18599667. TEXT EXTRACTION USING OPTICAL CHARACTER RECOGNITION simplified abstract (Capital One Services, LLC)
TEXT EXTRACTION USING OPTICAL CHARACTER RECOGNITION
Organization Name
Inventor(s)
Chris Demchalk of Frisco TX (US)
Ryan M. Parker of Dallas TX (US)
Lokesh Vijay Kumar of Frisco TX (US)
Brian Fromknecht of Richardson TX (US)
TEXT EXTRACTION USING OPTICAL CHARACTER RECOGNITION - A simplified explanation of the abstract
This abstract first appeared for US patent application 18599667 titled 'TEXT EXTRACTION USING OPTICAL CHARACTER RECOGNITION
- Simplified Explanation: This patent application describes systems and methods for extracting text from a document using different OCR tools to identify and select high-quality text, which is then saved after error correction.
- Key Features and Innovation:
- Use of multiple OCR tools to extract text from a document - Comparison of metrics to select high-quality text - Application of error correction to improve text quality - Threshold comparison to ensure minimal quality before saving the text
- Potential Applications:
- Document digitization - Data entry automation - Text extraction for analysis or translation purposes
- Problems Solved:
- Ensures high-quality text extraction from documents - Reduces manual effort in text extraction and error correction - Improves accuracy and efficiency in digitizing documents
- Benefits:
- Saves time and effort in extracting text from documents - Increases accuracy and reliability of extracted text - Enables automated processing of document content
- Commercial Applications:
"Text Extraction and Error Correction System for Document Digitization and Data Entry Automation"
- Questions about Text Extraction and Error Correction System:
1. How does the system compare different versions of extracted text to select the highest quality? 2. What types of errors specific to OCR tools or document contents can the error correction address?
Original Abstract Submitted
Provided herein are systems and methods for extracting text from a document.
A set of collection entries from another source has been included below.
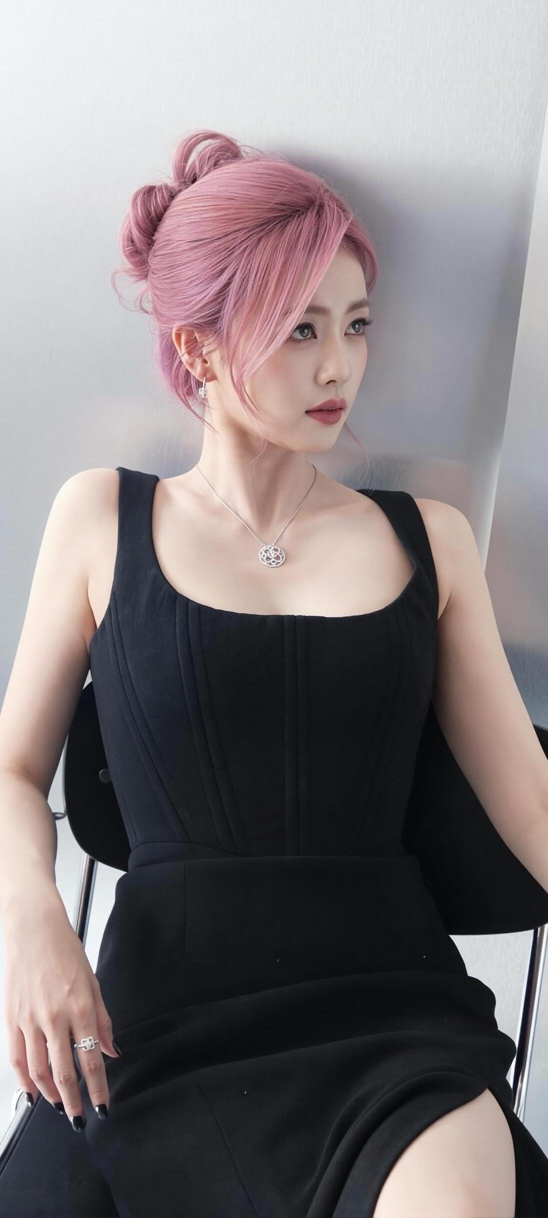 白鹿,粉色少女心与黑色连衣裙的完美碰撞,时尚又优雅!💖👗💻白鹿白鹿穿搭
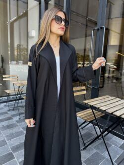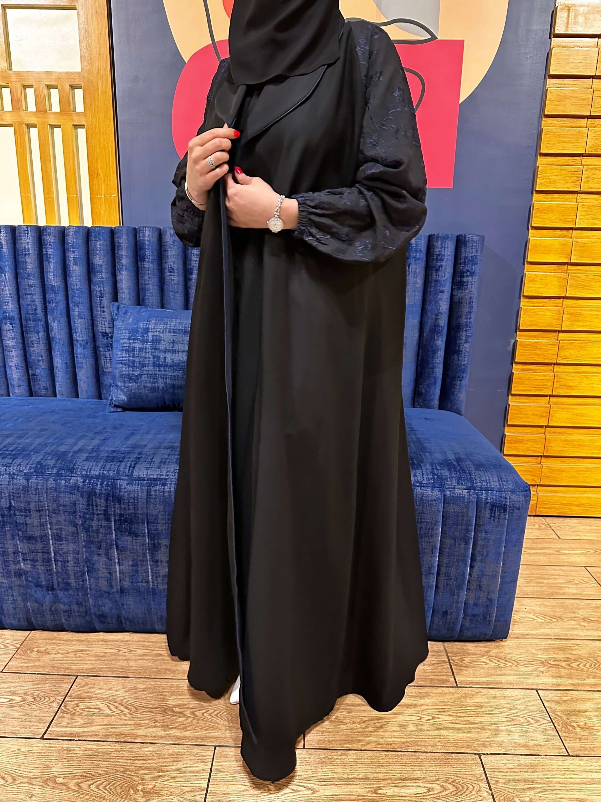 عبايه مريم بليزر مندمجة بقماش كسر من اجناب و تطريز اسود
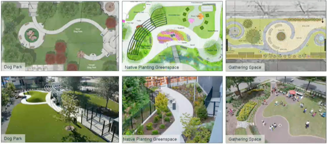 Before the meeting, developer Spy Rock LLC added some additional details about pedestrian accommodations, such as 5-foot sidewalks along both streets. It also added more details about how the prominent green space at the corner of Jacque and Westmoreland might be used, including visualizations.
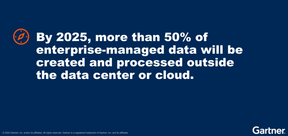 知名研究机构Gartner也给出了令人瞩目的判断:到2025年,超过50%的企业管理数据将在数据中心或云端之外被创建和处理。

Different optical character recognition (OCR) tools are used to extract different versions of the text in the document. Metrics evaluating the quality of the extracted text are compared to identify and select higher quality extracted text. A selected portion of text is compared to a threshold to ensure minimal quality. The selected portion of text is then saved. Error correction can be applied to the selected portion of text based on errors specific to the OCR tools or the document contents.